Teksas, USA mandat za przekroczenie prędkości jako obywatel Europy, który już opuścił kraj
Miałem ciekawe doświadczenie w USA podczas przekraczania prędkości. Umieszczę pełny scenariusz w cudzysłowie, ponieważ nie jestem pewien, czy cała historia naprawdę dodaje do pytania.
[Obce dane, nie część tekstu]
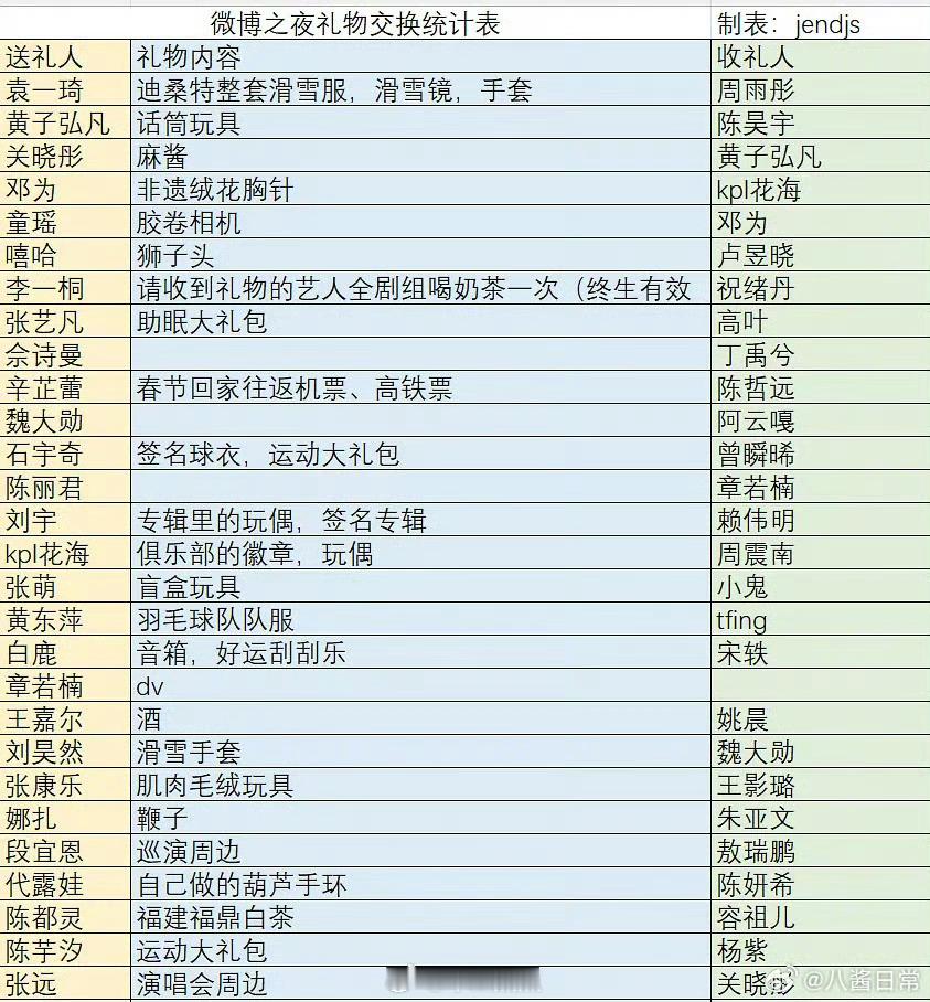 微博之夜交换礼物环节的小表格有的又细心又得体,有的又敷衍又抠门
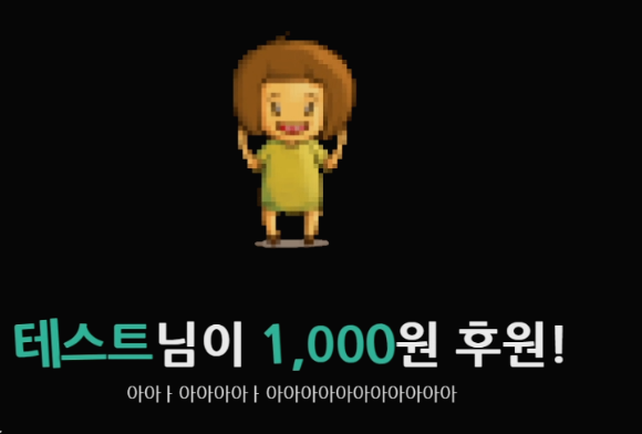 원하는 이미지를 올려서 크기, 각도, 위치 등을 조절하고 후원하기를 누르면 저런 식으로 방송에 나오니 참고하시면 되겠습니다.
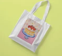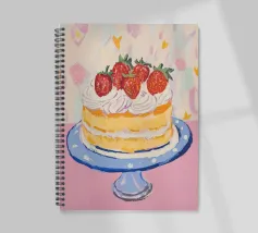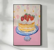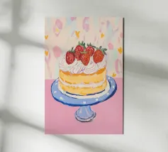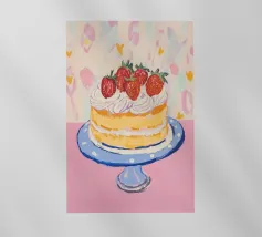 Una deliziosa torta di fragole con fragole fresche e panna montata, esposta su un grazioso supporto a pois blu.
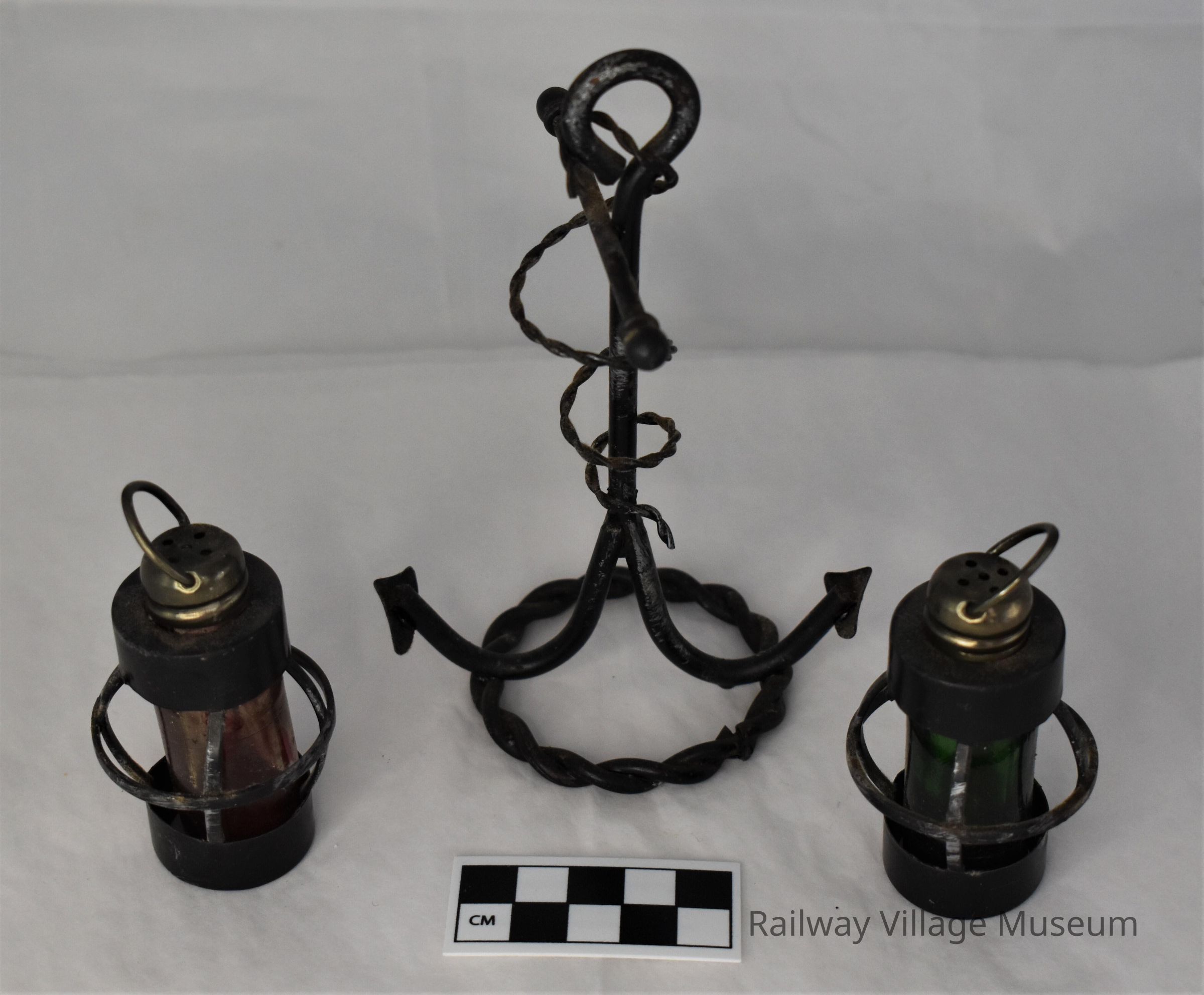 Anchor stand- 2022.1.145a, Red lantern- 2022.1.145b, and Green lantern- 2022.1.145c

Nie jesteśmy pewni, co zrobić z mandatem. Policjant niczego nie wyjaśnił (był bardzo nieuprzejmy i groził, jak można przeczytać w scenariuszu), na papierze, który dostaliśmy, jest napisane bardzo niewiele, poza tym, że “należy zgłosić się do sądu w ciągu 15 dni, w przeciwnym razie zostanie wydany nakaz aresztowania”. Wyjechaliśmy z kraju kilka godzin po otrzymaniu mandatu za przekroczenie prędkości. Co teraz robimy? Chcemy ponownie odwiedzić USA/Teksas.
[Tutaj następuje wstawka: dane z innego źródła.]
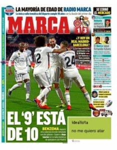 15. Buen y divertido portanálisis, pero al mismo tiempo ácido contra quienes no sienten el madridismo. La Galerna,que yo recuerde, nunca habló mal de Karim, me refiero a su juego. Karim siempre ha sido un futbolista diferente, un delantero atípico, pero con un fútbol de precisión y de equipo.Pone al equipo por delante de todo, es un jugador generoso, y bien que se aprovechó Cristiano.Este año se siente más liberado y, por eso, marca goles. Y que sigan.La prensa catalana, yo ni la miro.¿Para qué?Hala Madrid.
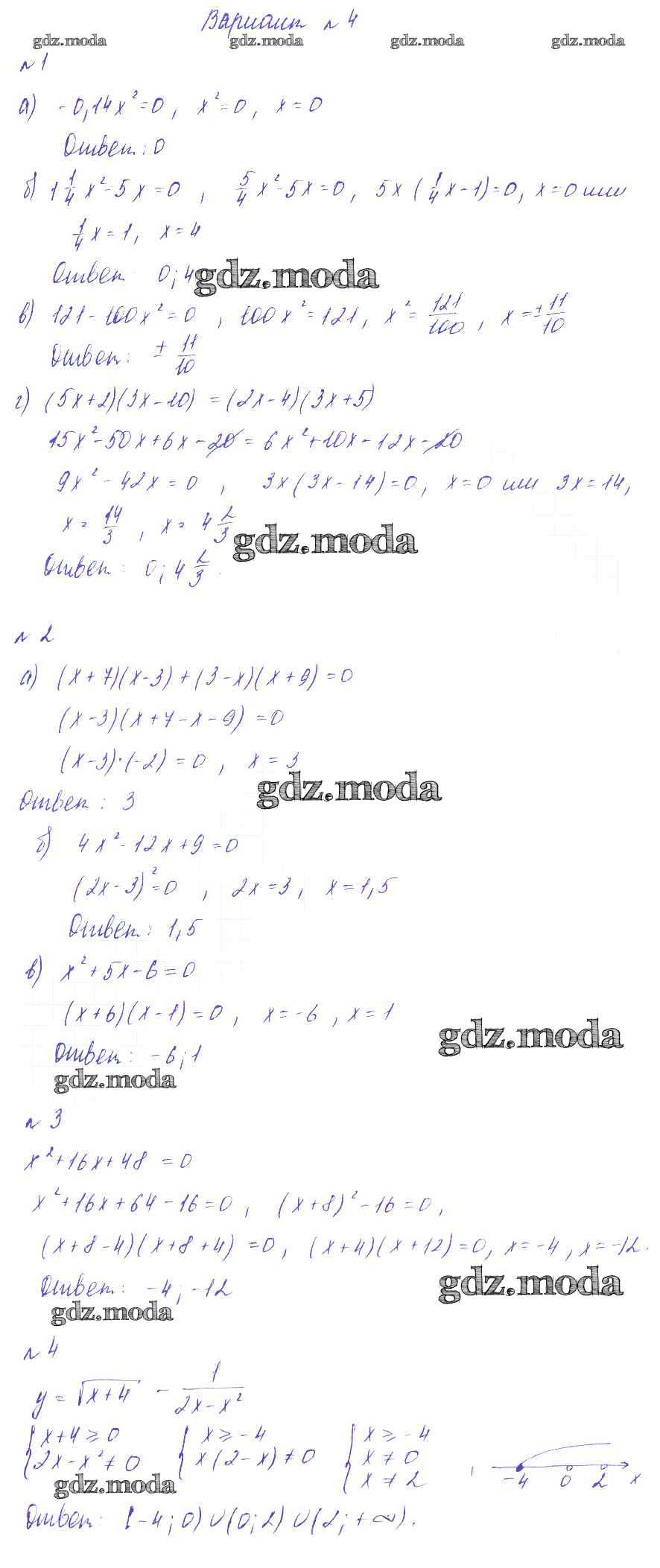 ГДЗ решение к заданию № Вариант-4 Алгебра 8 класс Дидактические материалы Зив Б.Г. Виктория плюс 2012 ФГОС бесплатно на гдз.мода!
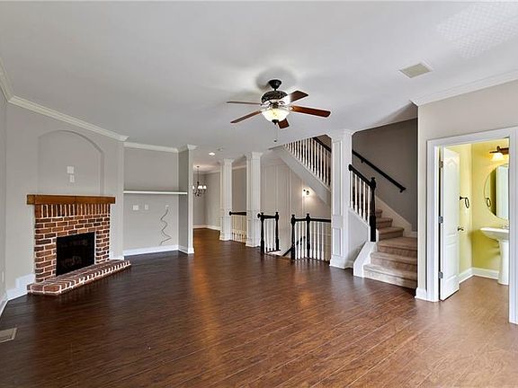 Private, Wooded backyard. This luxury townhome is complete with a full finished walk out basement. The kitchen opens to breakfast area and features granite countertops, a breakfast bar, double sliding door to walk out to private oversized deck. A fireplace in the family room with oversized balcony windows. Three oversized bedrooms with attached baths! Master bedroom with trey ceiling and an amazing wooded view! The en-suite bath has dual vanity, expansive countertops, separate shower and deep soaking tub. Home is upgraded with heavy molding, fresh painting. Swim community. Conveniently located for an Easy access to I85, the Mall of Georgia, Shops, parks and walking trails.
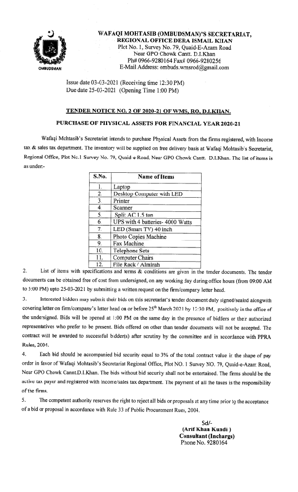Tender Notice No. 2 DIK: Procurement of physical assets for Wafaqi Mohtasib Secretariat Regional Office D.I. Khan.
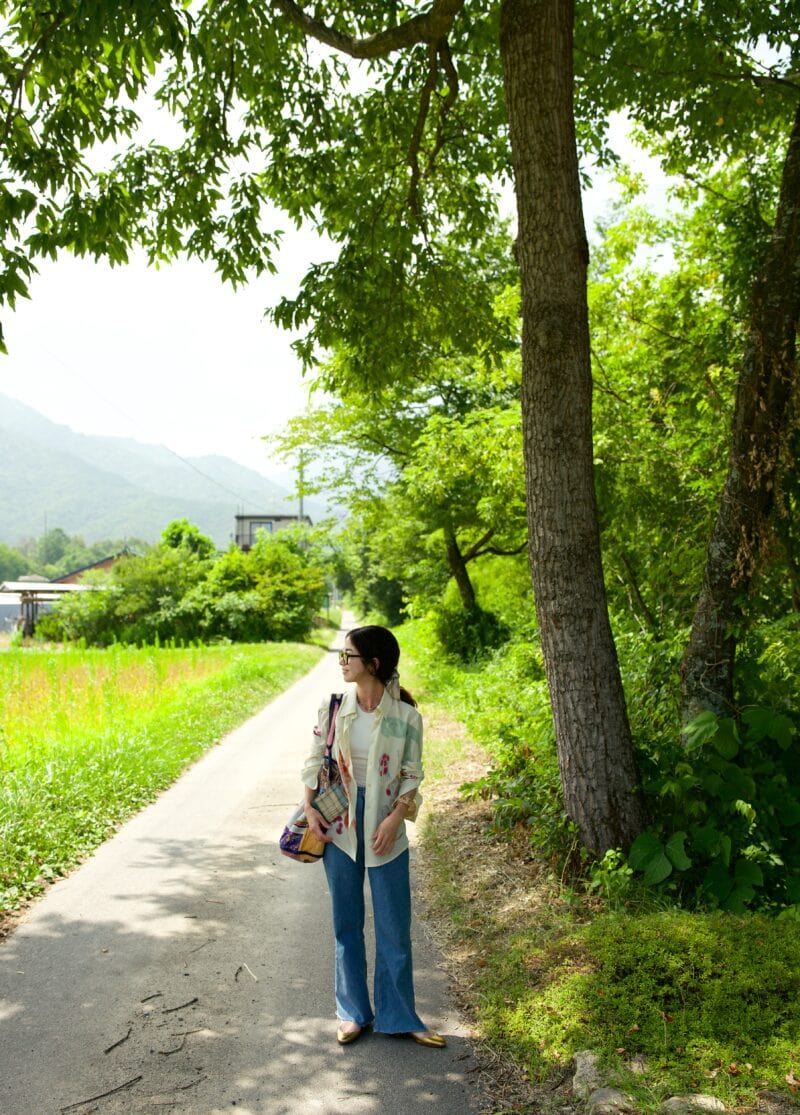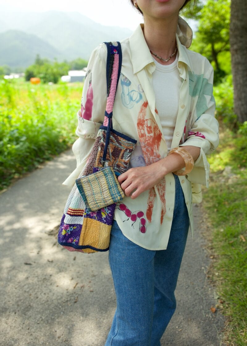 白タンク×デニムの定番コンビをベースに、ヴィンテージの柄シャツを羽織って、華やかに。PURのバッグをプラスしたのもアクセントになっています。シンプルなデニムの着こなしも、自分らしくアレンジ。

A czy byłoby możliwe, abyśmy walczyli z mandatem? Uważamy, że był on niesprawiedliwy i niepotrzebny.
Właśnie zmieniliśmy autostradę na inną. Na poprzedniej międzystanowej było 75mph, nie mogliśmy znaleźć żadnych znaków, ale ludzie jechali szybciej niż 75mph, więc zdecydowaliśmy się “iść z prądem” i jechać około 74/75. Po zaledwie kilku minutach na międzystanowej zostaliśmy zatrzymani. Oficer podszedł do samochodu z wyciągniętą bronią (tak, naprawdę!) krzycząc na nas, żebyśmy się nie ruszali. Nie pozwolił nam mówić, nie pozwolił nam się ruszyć. Zadawał pytania, ale nie pozwalał nam dokończyć odpowiedzi. Wyjaśniliśmy, że jesteśmy turystami w wynajętym samochodzie, a mimo to wielokrotnie pytał nas, czy jesteśmy obywatelami Kalifornii (samochód miał kalifornijskie prawo jazdy). Po 3 razach, kiedy powiedzieliśmy, że wyjaśniliśmy skąd jesteśmy, w końcu odłożył broń. Powiedział nam, co zrobiliśmy źle, a kiedy próbowaliśmy wyjaśnić, że jesteśmy turystami i staramy się postępować słusznie, kazał nam przestać mówić. Kazał nam zgłosić się do sądu w ciągu 15 dni, a kiedy próbowaliśmy wyjaśnić, że wyjeżdżamy z kraju i nie wiemy co robić, powiedział nam w bardzo groźny sposób, że “lepiej zgłośmy się do sądu w ciągu 15 dni, bo inaczej zostanie wystawiony nakaz”.
To wszystko wydarzyło się w noc wyborczą, mam nadzieję, że oficer miał po prostu zły dzień i to NIE jest normalne doświadczenie z prawem w USA. Jestem szczerze mówiąc bardzo przestraszony i nie chcę już jeździć w USA.